In his duties as publisher-in-chief with Key Curriculum Press he’s spent a good portion of the last twenty years in Asia. A lot of it was just as you’d expect. “You have no idea how easy our job could be,” he said, and cited:
- students who stand up when a teacher walks into the room.
- nations which devote extraordinary resources to education. (eg. 60% of Thailand’s paper went to its schools a few years back; during lean times schools are the last to cut spending)
- schools so modern with desks and floors so clean you could safely perform an appendectomy on top of them.
- teachers who must take 32 post-graduate classes before teaching math.
He adjusted my perspective in a couple of ways:
- He called us out for a “tremendous national chauvinism.” He said, “If you ever hear competition [with Asia] in the same breath as education, either implicitly or explicitly, be wary of the person saying it.” He cited Thomas Friedman.
- He explained why students in Asia outpace us in basically every benchmark except “skin whiteness.” He noted that Asian countries have huge populations with comparatively few universities. The competition for university acceptance is so fierce students take no exception to longer school days, longer school years, and three hours of math homework nightly, none of which the teacher ever grades.
- Radical pedagogy in the U.S. involves online coursework, wikis, and podcasts. Radical pedagogy there, he said, involves a student initiating a question. Charge it to respect for their teachers and fear of appearing weak alongside their classroom competitors but it’s direct instruction all day long. Go figure.
Presentation Notes
PowerPoint for the occasional quote but for the most part he just commented over an iPhoto slideshow which was a really good way to go.
Homeless
- “I’ve basically got a secret life in Asia,” he said at the start, and then realized what that sounded like.
For Your Consideration
Reannexation of the edublogosphere. Vote dy/dan best new edublog and best individual edublog.
4 Comments
jeffreygene
December 8, 2007 - 11:56 pm -hmm…dan, might i also add a caveat to be wary of speaking of asia as a monlithic entity?

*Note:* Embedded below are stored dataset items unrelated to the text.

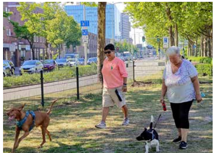
Samen aan de wandel bij de Lekstraat.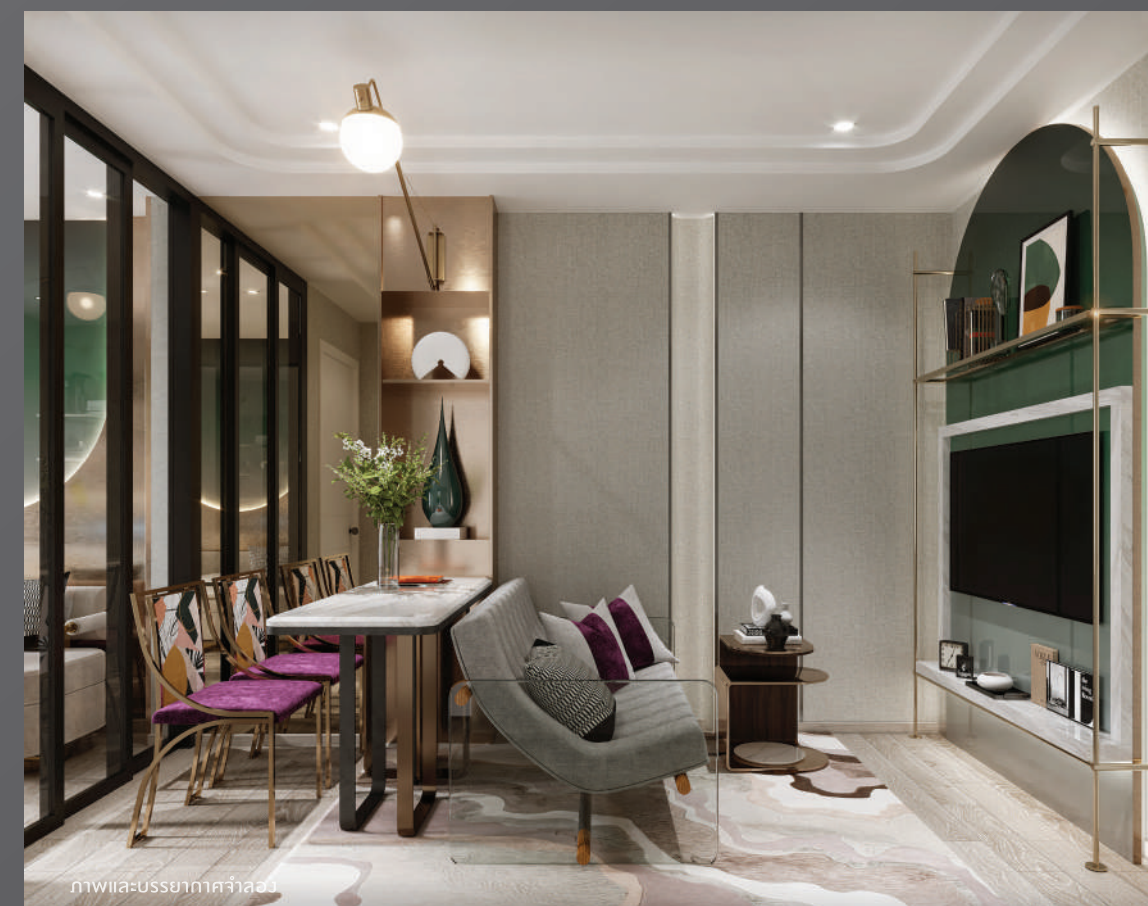
ภาพและบรรยากาศจำลอง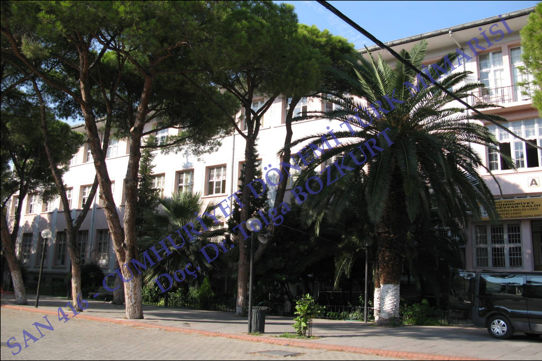
İzmir Cumhuriyet Kız Enstitüsü, 1938, Bruno Taut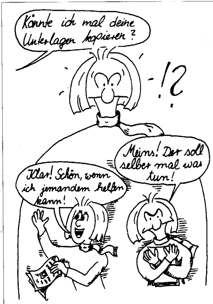
Abb1. Zwei „Seelen“ (=innere Stimmen) in der Studentin

natürlich für unsere Studentin eine Komplikation; und da eine solche innere Pluralität eher die Regel als die Ausnahme darstellt, bedeutet dies eine spannende und spannungsvolle Komplikation für die zwischenmenschliche Kommunikation überhaupt. Ich komme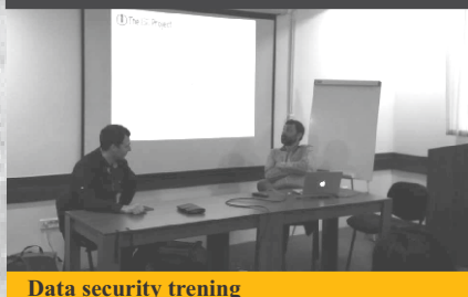
Data security trening

Udruženje CRMA, koje koordinira aktivnostima ACCOUNT medijske komponente, organizovalo je trening za medije i novinare na temu digitalne bezbjednosti. Obuka "Digital Security Awareness", namijenjena članicama ACCOUNT Media pool realizovana je u saradnji sa projektom "Information, Safety, Capacity"(ISC). Bezbjednija komunikacija, društvene mreže i digitalna bezbjednost, sigurnost mobilnih podataka – ključne su teme o kojima je bilo riječi na treningu, koji je održan 10. januara 2018. u Banja Luci.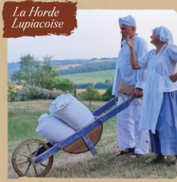
La Horde Lupiacoise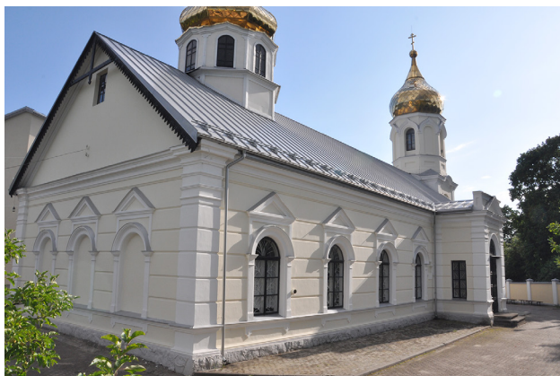
Фото 3. Вид на восточный и северный фасады храма. Фото Г. Поташенко, 2019 г.

На восточном фасаде находятся три стенные ниши (ложные окна) с арочным обрамлением и треугольным сандриком; оно такое же, как и декор окон на боковых фасадах. Окна на боковых фасадах обрамлены пилястрами, над которыми имеются полукруглые архивольты (выступающая обрамлением дуга арки). Каждое окно увенчано треугольным сандриком, а под окном – декоративные наличники под нижним карнизом.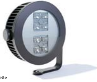
Modèle / model: Paulette XL routier / street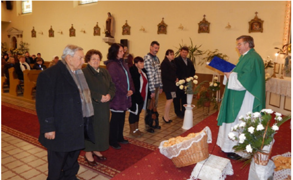
Jubiláns házások megáldása (2018. 11. 18. )

the modern well-resourced public schools, they do exist…but that’s at the top of the food chain. just as there are not enough universities for the number of students who might like to get in, there are likewise not enough strong prep schools to help a student get into university. china and india have huge rural populations, and the good old one-room schoolhouse is far from extinct there.
most families in hong kong would love to have the money and the luck to land a seat at an international (read: western) school. at these schools, where i work, i don’t think the student population is so different from private independent schools in the states…except for the whole skin whiteness thing. my students are outside of the stress and high stakes of the public exam system, and while they are perhaps more respectful of teachers they generally don’t do much of their homework.
funny thing about asia is that many places are looking to western pedagogy as a model. hong kong is beginning a complete overhaul of their high school curriculum, adding in “liberal studies” and an extra year of university (giong from three years to four) in the hopes of fostering the creativity and thinking-outside-the-box-ness that is the hallmark of a western education and outlook.
…the times, they are a changing…
dan
December 9, 2007 - 4:44 pm -I meant to request your response to this, Jeffrey. Thanks for adding it here. And, to the speaker’s credit, while I’m just homogenizing anyone from the Asian continent, he differentiated constantly between cultures and sub-groups.
The speaker mentioned that our principles and standards are well-regarded in Asia (there I go again). Given how intensely critical we are of our own system, I didn’t write it in my post. I figured I must’ve misunderstood. Interesting to hear you confirm it.